Here, B is the constant of proportionality, termed the bulk modulus, and the minus sign indicates that the volume decreases on increasing pressure.

In this problem, the percentage change in volume of the iron block is directly proportional to the pressure needed to compress it. The value of bulk modulus of the iron is\(B{\bf{ = 90 \times 1}}{{\bf{0}}^{\bf{9}}}\;{\bf{N/}}{{\bf{m}}^{\bf{2}}}\).

If\({V_0}\)is the original volume of the iron block, and\(\Delta V\)is the volume change, the percentage chain in the volume of the block is as follows:

\(\begin{array}{c}\frac{{\Delta V}}{{{V_0}}} \times 100 = 0.10\\\frac{{\Delta V}}{{{V_0}}} = 0.10 \times {10^{ - 2}}\end{array}\)

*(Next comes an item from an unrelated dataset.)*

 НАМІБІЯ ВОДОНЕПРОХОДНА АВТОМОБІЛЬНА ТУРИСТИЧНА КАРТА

The value of atmospheric pressure is\({P_{\rm{a}}} = 1.0 \times {10^5}\;{\rm{N/}}{{\rm{m}}^{\rm{2}}}\).

Let\(\Delta P\)be the pressure needed to change the volume of the iron block by\(\Delta V\).

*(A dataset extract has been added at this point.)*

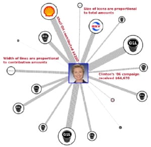 The site is a project of Oil Change International and another collaboration between myself and Greg Michalec. It shows interactive network maps of campaign contributions to presidential races and members of congress. The same data is also shown in drillable tables, so you can go from a politician, to the contributing oil companies, all the way to the image of the original FEC filing. It also permits searching for congress members by name and constituent zip code.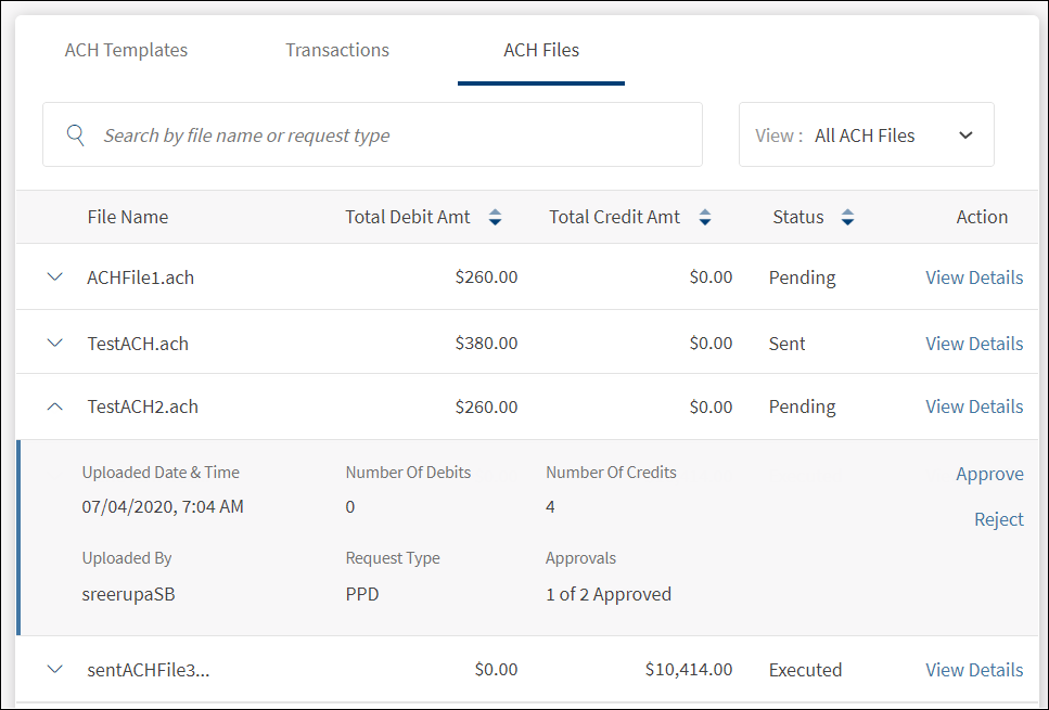Use the feature to view the ACH transactions and file list and approve the applicable pending transactions and files.

The change in volume of the iron block when pressure\(\Delta P\)is applied on it is calculated as follows:

\(\begin{array}{c}\Delta V = - \frac{1}{B}{V_0}\Delta P\\\Delta P = - B\frac{{\Delta V}}{{{V_0}}}\\ = - \left( {90 \times {{10}^9}\;{\rm{N/}}{{\rm{m}}^{\rm{2}}}} \right) \times \left( {0.10 \times {{10}^{ - 2}}} \right)\\ = - 9.0 \times {10^7}\;{\rm{N/}}{{\rm{m}}^2}\end{array}\)

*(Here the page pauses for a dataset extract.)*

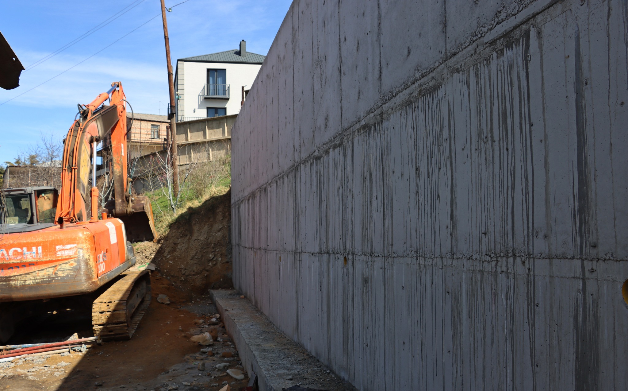 რკინა - ბეტონის საყრდენი კედლების მშენებლობა
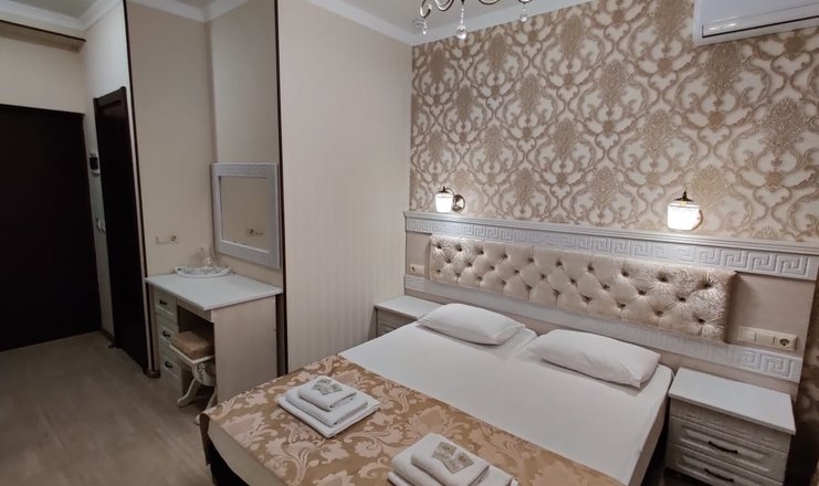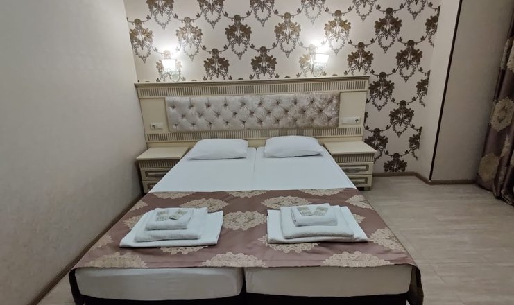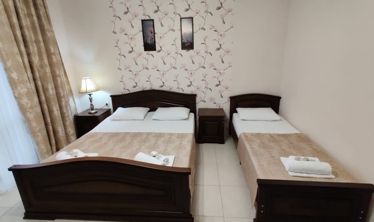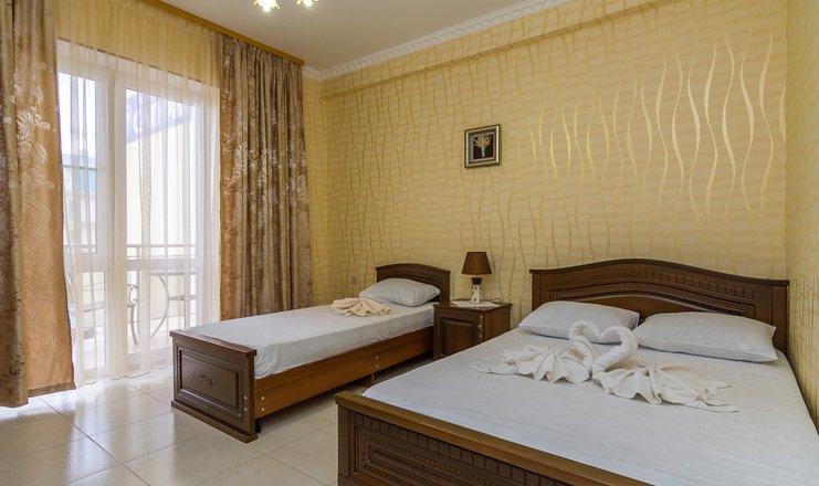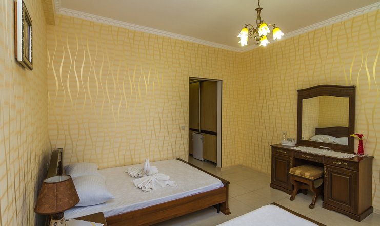 Номера: просторное помещение в теплых тонах, площадью 18-20м2 с жк-телевизором, холодильником, сплит-системой. Возможна организация дополнительного спального места. В обстановке: двуспальная или две односпальные кровати, раздвижной диван, прикроватные тумбы с ночниками, косметический, журнальный столики, комод, шифоньер. В туалетной комнате – душевая кабинка, фен. Большие окна, балкон . Обстановка номера зависит от количества проживающих гостей.

Thus, the pressure of \(9.0 \times {10^7}\;{\rm{N/}}{{\rm{m}}^2}\) is needed to compress the volume of the iron block by 0.10%. Here, the negative sign indicates the volume is compressed.

The ratio of pressureneeded to compress the volume of the iron block by 0.10% and the atmospheric pressure is as follows:

\(\begin{array}{c}\frac{{\Delta P}}{{{P_{\rm{a}}}}} = \frac{{9.0 \times {{10}^7}\;{\rm{N/}}{{\rm{m}}^2}}}{{1.0 \times {{10}^5}\;{\rm{N/}}{{\rm{m}}^{\rm{2}}}}}\\ = 9.0 \times {10^2}\\ = 900\end{array}\)

Thus, you can say that the pressure needed to compress the volume of an iron block by 0.10% is 900 times the atmospheric pressure.